BEGIN
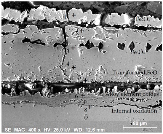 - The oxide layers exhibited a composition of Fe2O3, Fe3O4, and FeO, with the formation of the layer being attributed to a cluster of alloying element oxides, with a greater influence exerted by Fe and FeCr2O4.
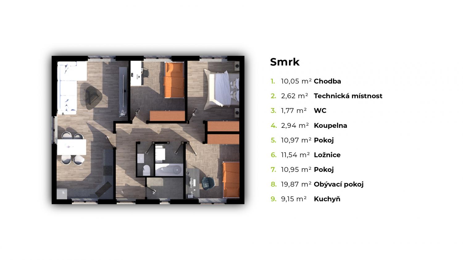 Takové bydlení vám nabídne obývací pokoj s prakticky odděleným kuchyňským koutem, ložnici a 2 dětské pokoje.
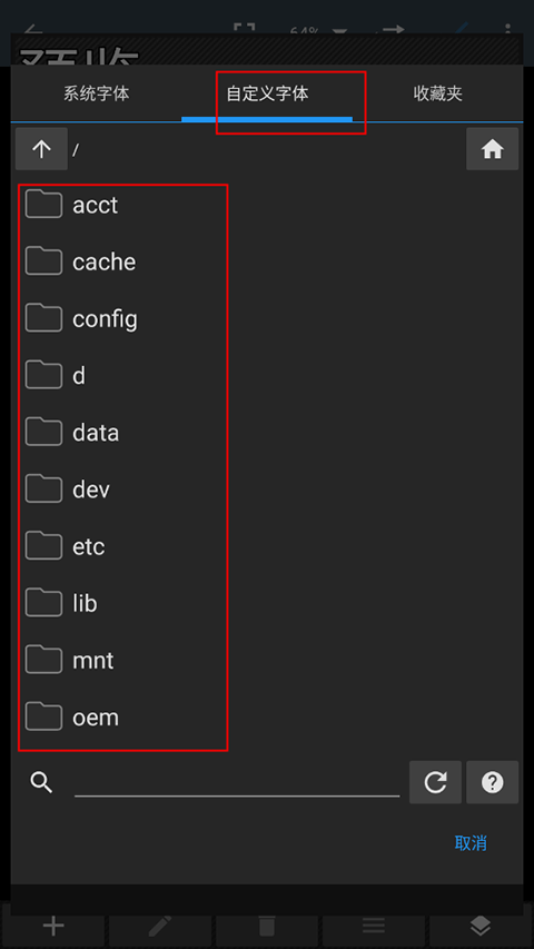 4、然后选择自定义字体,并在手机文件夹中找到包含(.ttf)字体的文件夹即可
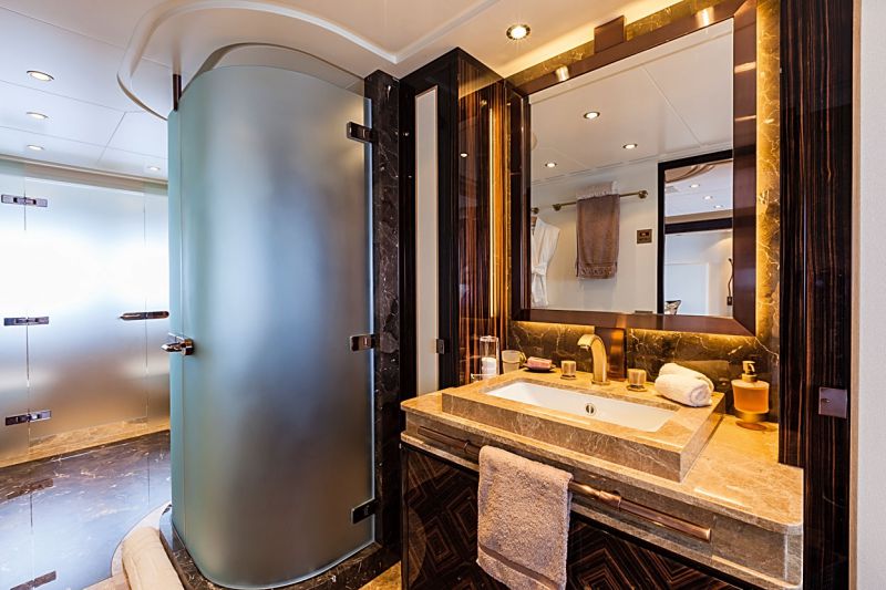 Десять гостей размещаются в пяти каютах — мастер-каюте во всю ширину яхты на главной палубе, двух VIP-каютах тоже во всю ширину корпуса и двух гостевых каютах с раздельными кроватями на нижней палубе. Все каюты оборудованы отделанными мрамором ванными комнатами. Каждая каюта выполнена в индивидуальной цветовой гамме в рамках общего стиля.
END
**Exercise objective:** Repeat the material above exactly; any picture in it is left out.

**Task answer:**
 - The oxide layers exhibited a composition of Fe2O3, Fe3O4, and FeO, with the formation of the layer being attributed to a cluster of alloying element oxides, with a greater influence exerted by Fe and FeCr2O4.
 Takové bydlení vám nabídne obývací pokoj s prakticky odděleným kuchyňským koutem, ložnici a 2 dětské pokoje.
 4、然后选择自定义字体,并在手机文件夹中找到包含(.ttf)字体的文件夹即可
 Десять гостей размещаются в пяти каютах — мастер-каюте во всю ширину яхты на главной палубе, двух VIP-каютах тоже во всю ширину корпуса и двух гостевых каютах с раздельными кроватями на нижней палубе. Все каюты оборудованы отделанными мрамором ванными комнатами. Каждая каюта выполнена в индивидуальной цветовой гамме в рамках общего стиля.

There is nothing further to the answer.